__The task__
Would you repeat the whole listing exactly, pictures excluded?

-------- Information supplied --------

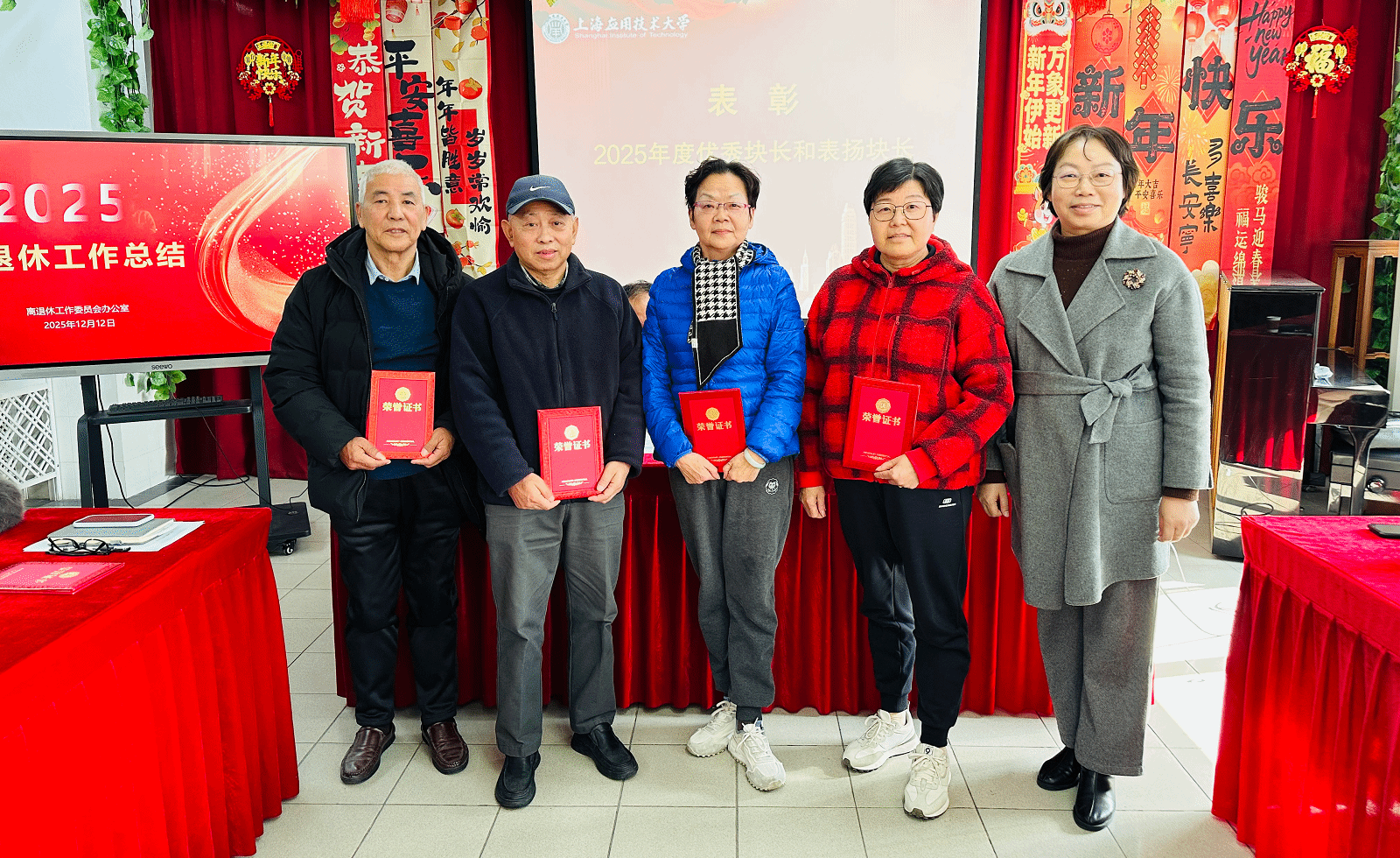 会上进行了表彰,离退休党委书记陈红向获得2025年度的优秀块长和表扬块长颁发了荣誉证书。
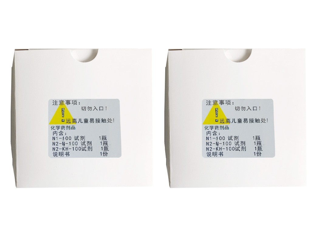 將整瓶片狀N2—N倒入燒杯中,加入50ml無氨水,攪拌溶解,充分冷卻至室溫。另將整瓶N2—KH粉末試劑全部倒入燒杯中,加入10ml無氨水,攪拌使其充分溶解,然后將此溶液在攪拌下徐徐注入充分冷卻的N2—N溶液中,用水稀釋至100ml,靜置5個小時以上,小心倒出上清液待用。此溶液儲存于棕色聚乙烯瓶中,用橡皮塞或聚乙烯蓋蓋緊,低溫冷藏儲存。如發(fā)現(xiàn)有大量沉淀或試劑顏色變深,對測定結(jié)果有很大影響,應(yīng)重新配制。
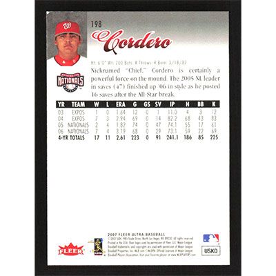 This is a 2007 Ultra Retail Chad Cordero baseball card. The card is #198 and pictures show condition.

--------

__Answer space__
 会上进行了表彰,离退休党委书记陈红向获得2025年度的优秀块长和表扬块长颁发了荣誉证书。
 將整瓶片狀N2—N倒入燒杯中,加入50ml無氨水,攪拌溶解,充分冷卻至室溫。另將整瓶N2—KH粉末試劑全部倒入燒杯中,加入10ml無氨水,攪拌使其充分溶解,然后將此溶液在攪拌下徐徐注入充分冷卻的N2—N溶液中,用水稀釋至100ml,靜置5個小時以上,小心倒出上清液待用。此溶液儲存于棕色聚乙烯瓶中,用橡皮塞或聚乙烯蓋蓋緊,低溫冷藏儲存。如發(fā)現(xiàn)有大量沉淀或試劑顏色變深,對測定結(jié)果有很大影響,應(yīng)重新配制。
 This is a 2007 Ultra Retail Chad Cordero baseball card. The card is #198 and pictures show condition.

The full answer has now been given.